Duane Eubanks Quintet / Things of That Particular Nature

Duane Eubanks(Tp, Flh)
Abraham Burton(Ts)
Marc Cary(P, Rhodes)
Dezron Douglas(B)
Eric McPherson(Ds)
Steve Nelson(Vib)
Rec. July 8, 2014, NJ
(Sunnyside SSC1390)

デュアン・ユーバンクス(1969年生まれ)のリーダー作を買うのは「Duane Eubanks / Second Take(01年)」以来。その間は「Dave Holland Big Band/Overtime(05年)」「Orrin Evans/Listen to the Band(07年)」「Kevin Eubanks / The Messenger(12年)」「Orrin Evans' Captain Black Big Band / Mother's Touch(14年)」(各別頁あり)ぐらいでしか聴いたことがないけれど、本人のサイトを見ると他にもいろんなアルバムに参加しているんだね。実兄のケビンやロビンほど知名度は高くないデュアンだが、本作ではエイブラハム・バートン、マーク・キャリー、デズロン・ダグラス、エリック・マクファーソン、スティーヴ・ネルソンのそそられるメンバーと、はたしてどんな感じの演奏をしているのか楽しみだ。

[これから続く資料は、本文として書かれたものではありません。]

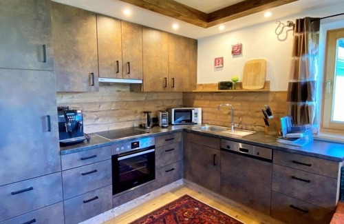 "Manuel", 3-room apartment 80 m2 on 1st floor. Fully renovated in 2021, very comfortable and tasteful furnishings: living/dining room with dining nook, satellite TV, international TV channels and flat screen. Exit to the balcony. 1 double bedroom with shower/WC, satellite TV, international TV channels and flat screen. Exit to the balcony. 1 double bedroom with 1 bed, 1 double bed, shower/WC, satellite TV, international TV channels and flat screen. Exit to the balcony. Open kitchen (oven, dishwasher, 4 ceramic glass hob hotplates, toaster, kettle, microwave, freezer, electric coffee machine). Wood heating, oil heating, underfloor heating. Parquet floors. Balcony 20 m2. Balcony furniture. Marvellous panoramic view of the mountains and the valley. Facilities: hair dryer. Please note: non-smokers only. Made-to-measure wooden furniture and high-quality materials were used in the renovation.
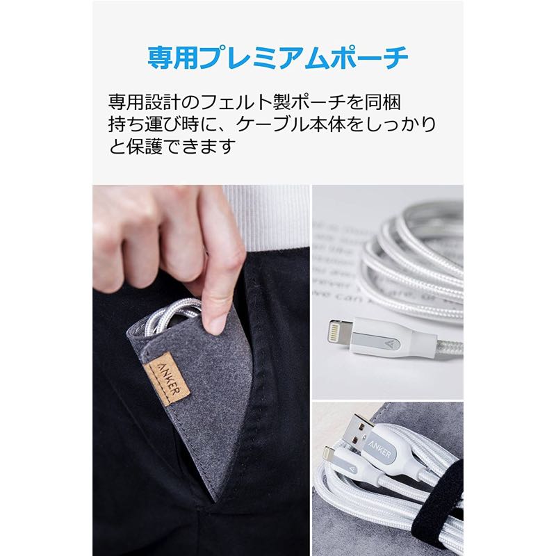 パッケージ内容 Anker PowerLine+ ライトニングケーブル、フェルト製ポーチ、18ヶ月保証 + 6ヶ月 (Ankerで会員登録後)、カスタマーサービス
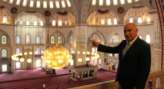 “Cami 1987’de ibadete açıldı. Açılışından önce yani 1985 ya da 1986 yılında takıldığını tahmin ediyorum. Yani yaklaşık 30 yıldır takılı halde. İçinde ve dışında ampul değiştirme işleri yapılıyor. Vinç benzeri bir aletle içine girilerek, zaman zaman içi ve dışı temizleniyor. Tavana bağlı halatlar birbirine karışmış durumda. Eskiden bu çelik halatlar sayılabiliyordu ama zamanla avize dönmüş ve birbirine karışmışlar.
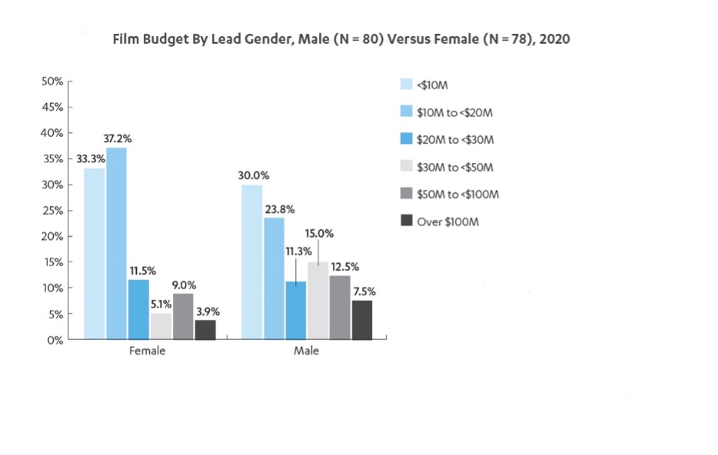 بودجهی فیلمها بر اساس جنسیت بازیگر اصلی، مرد (80 فیلم) در مقایسه با زن (78 فیلم)، سال 2020

ユーバンクス曲が9曲と、マルグリュー・ミラーの「Holding Hands」で全10曲。
1曲目「Purple, Blue, and Red」はマイルスの黄金クインテット的な演奏。ユーバンクスは数か所で音程があやふやな部分があるような気がするけれど、そういう荒削りなプレイが勢いのあるバンド演奏とも相まって逆にいい感じ。またバートンの男性的で無骨なテナーやキャリーのモーダルなプレイにも好感が持てて、早くも買ってよかったという気にさせてくれる。それは2曲目「As Is」も同様なのだが、同じような曲調が続いているのは気にならなくもない。と思っていたら3曲目「Rosey」では雰囲気を変えて、キャリーがエレピを弾きながらの16ビート調の演奏となっているし、4曲目「Holding Hands」はネルソンの参加で、またサウンドがガラリと変わっているのでホッとする。曲調はダークなものと明るめなものをバランスよく配しているし、似たようなテンポやリズムの曲が続いていないのもいい塩梅。各人とも最高に上手いといったわけではないけど、曲調によくマッチしたセンスのいいアドリブで聴かせてくれる。また力強くてガッチリとしたダグラスのベースと、4ビート曲ではトニー・ウィリアムスの匂いが感じられるマクファーソンのドラムスとの相性も悪くないね。

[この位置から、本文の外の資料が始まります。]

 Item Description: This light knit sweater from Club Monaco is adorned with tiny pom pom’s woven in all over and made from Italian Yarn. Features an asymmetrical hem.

ユーバンクスのトランペットは今の若手の有名どころと比較するとそこそこではあるけれど、曲作りに関してはなかなかいいものを持っているね。短めの曲が多いこともあり、聴き終わった後の充実感は得られないものの、ジャズの伝統を踏まえた上での現在進行形の演奏はそれなりに魅力的。録音(エンジニアはTom Tedesco、ミックスとマスターは内藤克彦)もテナーは若干硬質だけど、ベースを筆頭に各楽器が逞しい音色で捉えられていて上々だ。